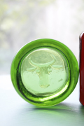スウェーデン、ボダ社製のErik Hoglund作、牛モチーフのアッシュトレイです。厚みのあるハンドメイド感があふれるフォルムにキョトンとした表情の牛のモチーフがデザインされ、オブジェとしても楽しめそうです。こちらはラウンドシェイプで鮮やかなグリーンが大変美しいです。一点一点ハンドメイドで仕上げられた作品は現地でもコレクターが多い人気の作品です。
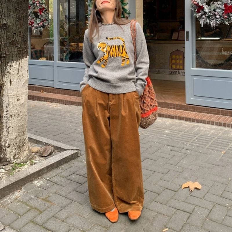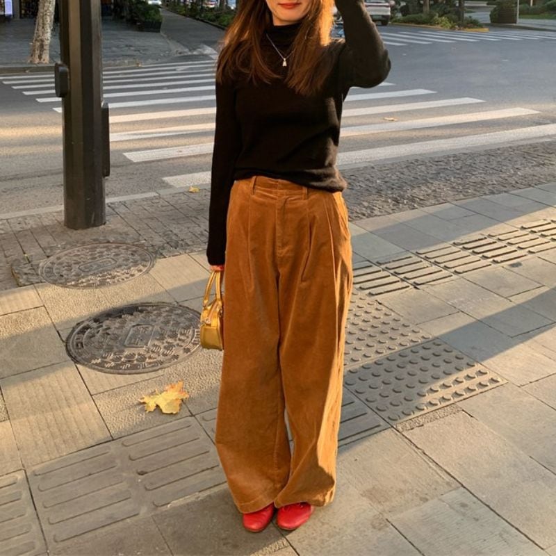 秋冬のコーデにぴったりなコーデュロイのワイドパンツ。
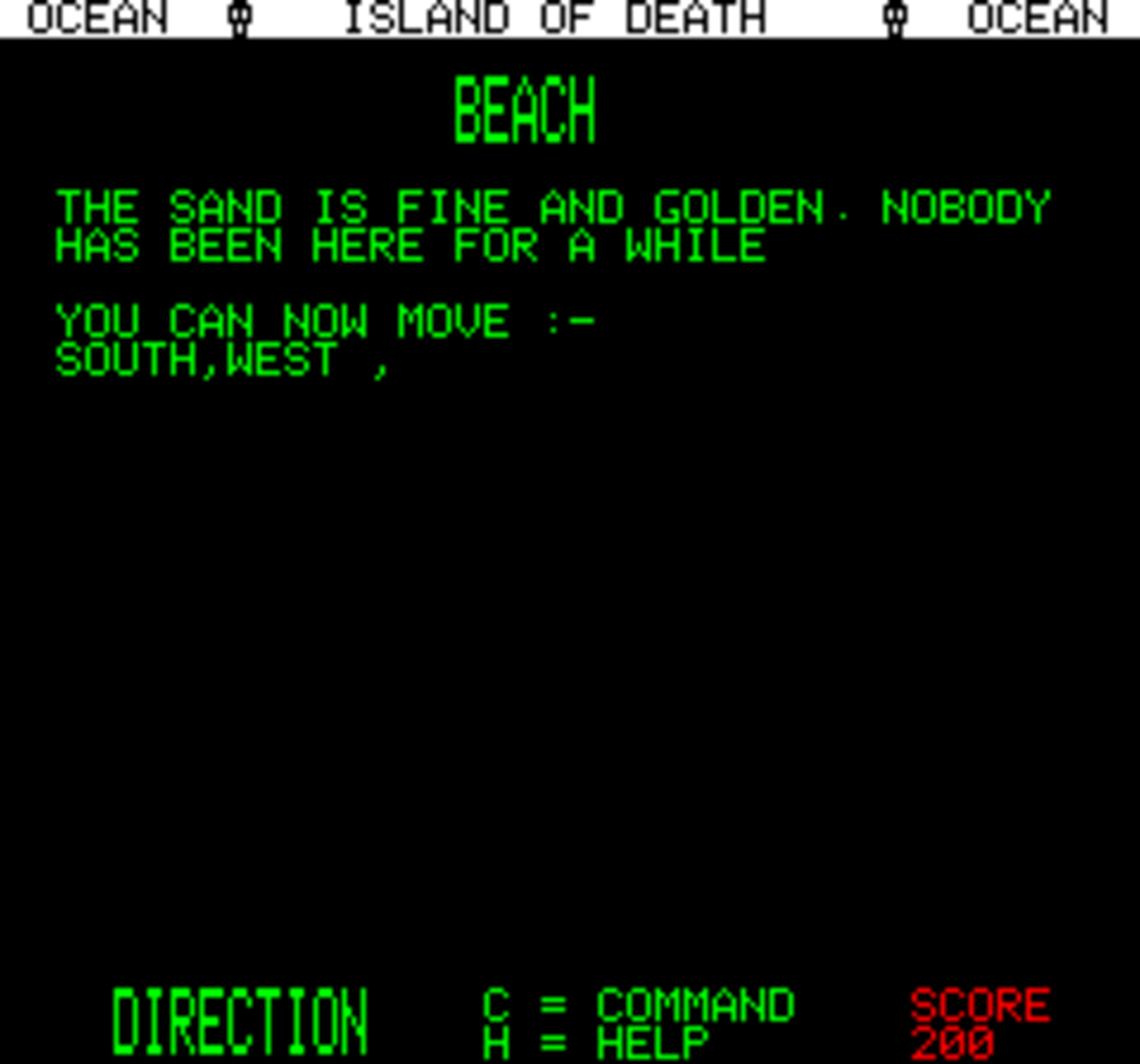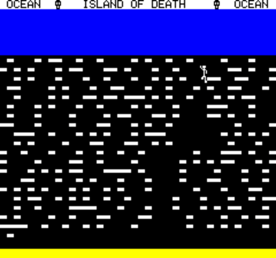 Released on the Atmos Oric in 1984, "Island of Death" is a mixture of text adventuring and arcade action, Island of Death puts you in the shoes of the sole survivor of a shipwreck on a coral reef. In order to escape you need to find the six treasures of the island. Dangerous encounters come in the form of simple arcade games.

* Work to be completed
Output the data verbatim, images excluded.

* The completed task
スウェーデン、ボダ社製のErik Hoglund作、牛モチーフのアッシュトレイです。厚みのあるハンドメイド感があふれるフォルムにキョトンとした表情の牛のモチーフがデザインされ、オブジェとしても楽しめそうです。こちらはラウンドシェイプで鮮やかなグリーンが大変美しいです。一点一点ハンドメイドで仕上げられた作品は現地でもコレクターが多い人気の作品です。
 秋冬のコーデにぴったりなコーデュロイのワイドパンツ。
 Released on the Atmos Oric in 1984, "Island of Death" is a mixture of text adventuring and arcade action, Island of Death puts you in the shoes of the sole survivor of a shipwreck on a coral reef. In order to escape you need to find the six treasures of the island. Dangerous encounters come in the form of simple arcade games.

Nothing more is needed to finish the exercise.